Recently, Sinochem International (600500.SH) officially acquired Elix Polymers (hereinafter referred to as Elix), a Spanish-based specialty engineering plastics manufacturer, and completed all delivery procedures.

In October last year, Sinochem International announced the deal, which will acquire the engineering plastics company established in 1975 with a valuation of no more than 144 million euros (about 1.12 billion yuan).

Elix is well known for its high strength and tough engineering plastics ABS, which can be used in automotive, electronics and medical applications. The company's operating income in 2017 was 219 million euros (about 1.69 billion yuan), and net profit reached 9.71 million euros (about 74.77 million yuan).

Previously, Elix was owned by Elix Holding, a joint venture between private equity funds Sun Capital and Elix executives.

In this acquisition, Sinochem International (Singapore) Co., Ltd., a wholly-owned subsidiary of Sinochem International, established the holding platform company SPV with Seth Holdings Corporation Limited and Elix management. Among them, Sinochem International invested 36 million euros (about 278 million yuan) in the joint venture company, with a shareholding ratio of 75.87%. Subsequently, SPV and Elix Holding reached an agreement to acquire Elix.

Elix was originally part of the Bayer Group of Germany and was later divested by the European Union's antitrust policy and acquired by Sun Capital in 2012.

Currently, Elix's business is focused on the European and North American markets. In a press release issued by Elix's official website, the company said that the company will focus more on Asia, especially the Chinese market in the future. Sinochem International has planned to build a new ABS production line in China with the acquisition.

Liu Hongsheng, general manager of Sinochem International, said last month that Elix’s merger and acquisition case reflects the company’s new changes in the acquisition of the target.

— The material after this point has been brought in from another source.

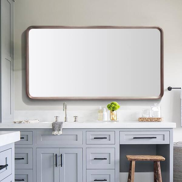 Vela 55 in. W x 29.5 in. H Single Acacia Framed Rectangular Bathroom Vanity Mirror in Chestnut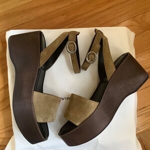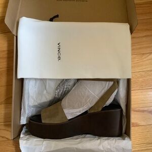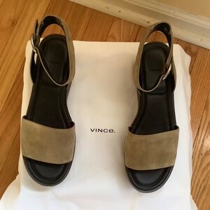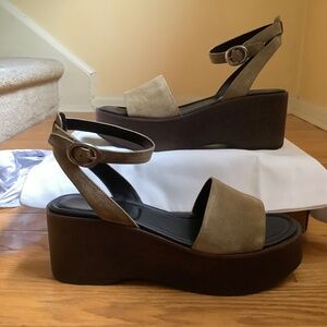 VINCE Phillipa Platform Suede Sandals Olive Wood SZ 9.5

Sinochem International will pay more attention to the technological advancement of the company, rather than the company’s sales scale and market. Indicators such as occupancy.

Sinochem International's last big overseas acquisition occurred in 2016, and it acquired 54.99% of the shares of Halcyon Agr with a valuation of 2.09 billion yuan, becoming the company's largest shareholder. Sinochem International has become one of the world's three major natural rubber suppliers, and is the first echelon with Thailand's Hongman and Shi Dong.

In addition to the new materials sector, Sinochem International has recently deployed frequently in the new energy industry. In October last year, the company acquired Huai'an Junsheng New Energy Technology Co., Ltd. (hereinafter referred to as Junsheng New Energy) and obtained about 80% of its shares. Junsheng New Energy is building a new ternary lithium battery production base in Huai'an, Jiangsu Province. It is expected that the first phase of the 1Gwh project will be trial-produced in the middle of this year.

The goal set by Sinochem International for the next decade is to become a global chemical material and new energy company. At the end of last year, the only A-share listed company of Sinochem Group just celebrated its 20th anniversary.